In the same order, the Supreme Court granted that branch of the Lax defendants' motion which was for leave to amend their answer to assert affirmative defenses and counterclaims of equitable subrogation and unjust enrichment. The plaintiff also appeals from that portion of the order.

"A party may amend his or her pleading . . . at any time by leave of court" (CPLR 3025[b]). "Applications to amend pleadings are within the sound discretion of the court" (Kimso Apts., LLC v Gandhi, 24 NY3d 403, 411; see Edenwald Contr. Co. v City of New York, 60 NY2d 957, 959). "As a general rule, leave to amend a pleading should be freely granted in the absence of prejudice to the nonmoving party where the amendment is not patently lacking in merit" (Davis v South Nassau Communities Hosp., 26 NY3d 563, 580 [internal quotation marks omitted]; see Coleman v Worster, 140 AD3d 1002, 1003). "Mere lateness is not a barrier to the amendment. It must be lateness coupled with significant prejudice to the other side, the very elements of the laches doctrine" (Edenwald Contr. Co. v City of New York, 60 NY2d at 959 [internal quotation marks omitted]; see Coleman v Worster, 140 AD3d at 1003; HSBC Bank v Picarelli, 110 AD3d 1031, 1032). "The burden of establishing prejudice is on the party opposing the amendment" (Kimso Apts., LLC v Gandhi, 24 NY3d at 411; see Caceras v Zorbas, 74 NY2d 884, 885; Coleman v Worster, 140 AD3d at 1003).

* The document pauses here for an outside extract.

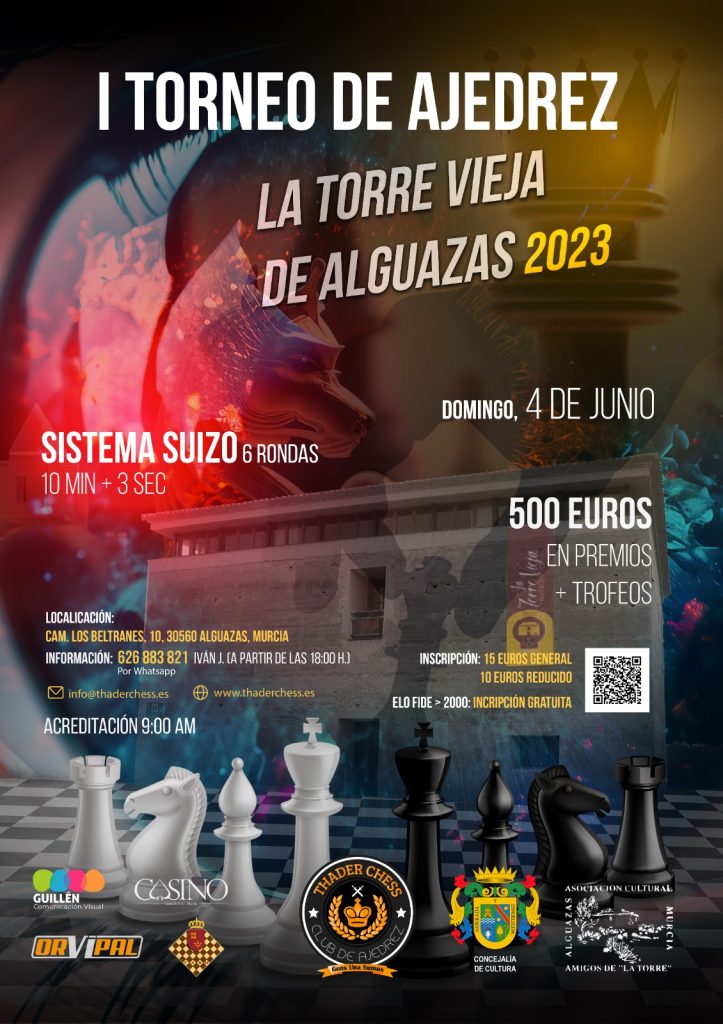 Con el apoyo del Excmo. Ayuntamiento de Alguazas el Club de Ajedrez Thader Chess tiene el honor de organizar el I Torneo de Ajedrez “La Torre Vieja de Alguazas 2023” el próximo 4 de Junio.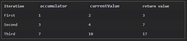 1. accumulator = 배열의 첫번째 값, currentValue = 배열의 두번째 값

Here, the plaintiff does not allege any prejudice aside from the lateness itself, nor does he argue that the amendment is patently lacking in merit (see Davis v South Nassau Communities Hosp., 26 NY3d at 580). Indeed, the new affirmative defenses and counterclaims are consistent with the position taken by the Lax defendants since the beginning of this lawsuit (i.e., that they had no actual notice of the plaintiff's equitable claim) and, therefore, should come as no surprise to the plaintiff.

The plaintiff's remaining contentions are without merit.

Accordingly, the Supreme Court providently exercised its discretion in granting that branch of the Lax defendants' motion which was for leave to amend their answer to assert affirmative defenses and counterclaims of equitable subrogation and unjust enrichment.

CHAMBERS, J.P., AUSTIN, HINDS-RADIX and BARROS, JJ., concur.